Considering your treated on revenue account rather than capital, ie no capital gains discount. For mine, I would look at doing the trading in a company, with the shares of the company owned by a family trust or perhaps 2 family trusts (one yours and one your other family member).

In laymans terms the major difference btw a Trust and a Company is a Trust will allow you to take advantage of Capital Gains discounts whereas a Company won't, but since you won't have CGT discounts that takes away the advantage of a Trust over a Company.
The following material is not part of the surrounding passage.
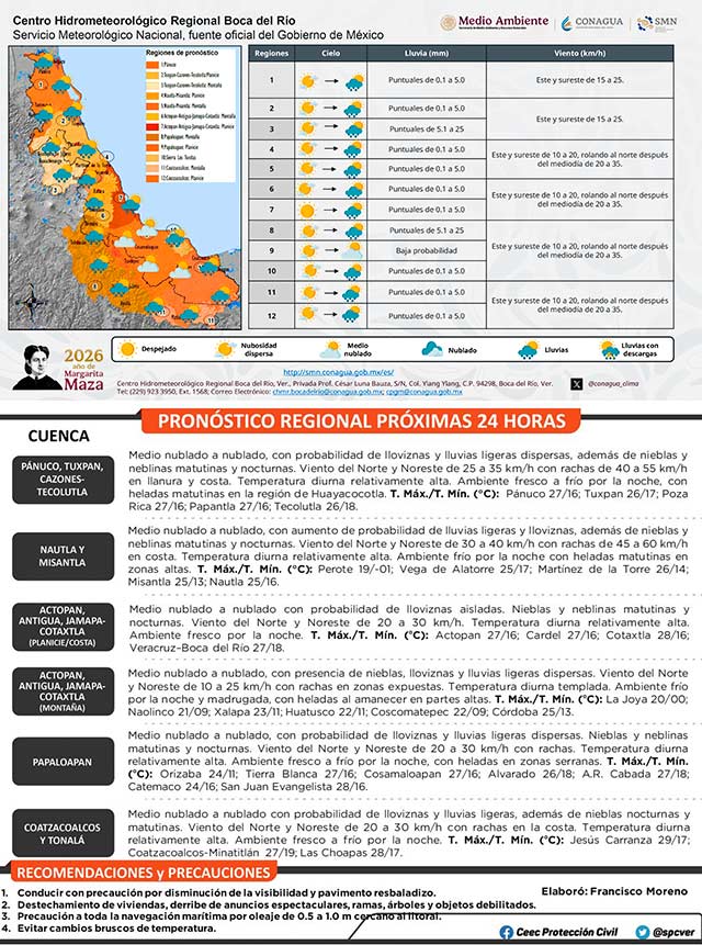 El viento, que venía dominando del este y sureste, tenderá a cambiar al norte/noreste con rachas moderadas principalmente sobre el litoral veracruzano, mientras que el ambiente se mantendrá fresco a cálido durante el día; por la noche, madrugada y al amanecer persistirá ambiente fresco a frío, con probabilidad de heladas en zonas de mayor altitud. Se recomienda atender los avisos y recomendaciones que emita la Secretaría de Protección Civil.

A company allows you to retain profits in the company and caps the tax rate at 30%, maybe down to 27.5% if turnover is under $10m. The ATO are planning to reduce it down to 25% over the next 10 yrs for all businesses. If you are looking to keep profits in the business and compound profits over long term this is advantageous to paying tax on profits at the top marginal rate in your personal name. However if you wish to take profits out for personal use, whatever you take out will be added to your other personal income and taxed at marginal rates. So in effect it is a tax deferral tool until you wish to take money out of the company for personal use. You can choose how much and when you take it out.  This is usually done in the way of the company paying a dividend. A dividend must be paid in the ratio of who owns the shares, and you also get a tax credit for any tax the company has paid, called a franking credit. So if the shares are owned 50-50 with you (either individual or via trust) and your family member, when dividends are paid out it has to be done 50-50, if ownership is 75-25 when dividends are paid it has to be paid in same proportion.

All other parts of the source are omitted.